Steve Harley

& Cockney Rebel

"Quality of Mercy" Album Review from Birmingham 101 Gig Guide

"It’s 26 years since Harley last used the name of the band with whom he enjoyed his biggest chart successes in Make Me Smile, Judy Teen and Mr Soft and recorded five albums, however to mark the 30 anniversary of Smile he’s dubbed his touring band Cockney Rebel Mark III and even recorded a new album, The Quality of Mercy, his first since 2000’s Yes You Can.

He’s in fine voice, at times sounding not unlike a cross between Sting, Gerry Rafferty and (on the superb The Coast of Amalfi) Chris De Burgh, and this is easily the best thing he’s done in years. Co-penned by ex Rebel Jim Cregan, opening track The Last Goodbye shows his ability to pen classic, radio friendly quality pop hasn’t dimmed with the years, a fact ably reiterated by the chorus friendly tumbling folksy Saturday Night At The Fair and the 60s sounding No Rain On This Parade.
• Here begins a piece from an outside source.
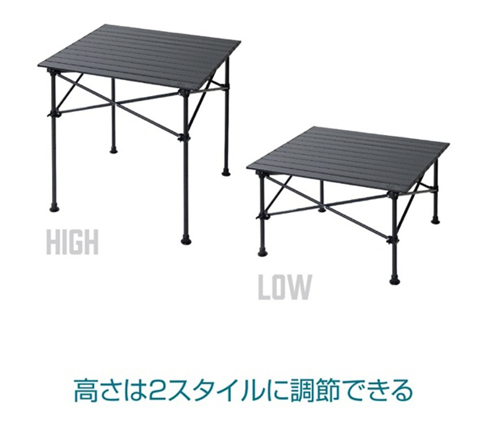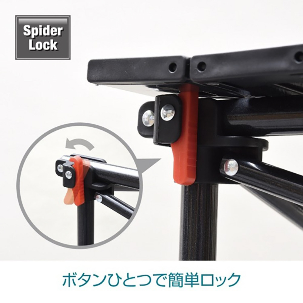 仕様:高さは2スタイルに調節できる。ハイスタイル高さ70cm。ロースタイル高さ40.5cm。天板はスパイダーロック機能によりボタンひとつで簡単ロック。キャリーバッグでコンパクトに持ち運び。

But if the uptempo material shines, the slower songs positively glow. A father’s hymn of love to their child, Journey’s End (A Father’s Promise) mines a seam of Celtic folk influence, the God searching Save Me (From My Self) with its keening pedal steel and the closing plea for enduring love A Friend For Life are all stand-outs, but the centerpiece surely has to be The Last Feast, a seven minute throaty slow blues-rock burner that (referencing Phantom of the Opera) again finds Harley confronting God as he addresses the fear of mortality.

Giving it the full works after a spate of solo acoustic dates, no doubt fan demands will mean much of the set focus is on past favourites (hopefully Sebastian included), but there’s material here that will stand the test of time just as strongly."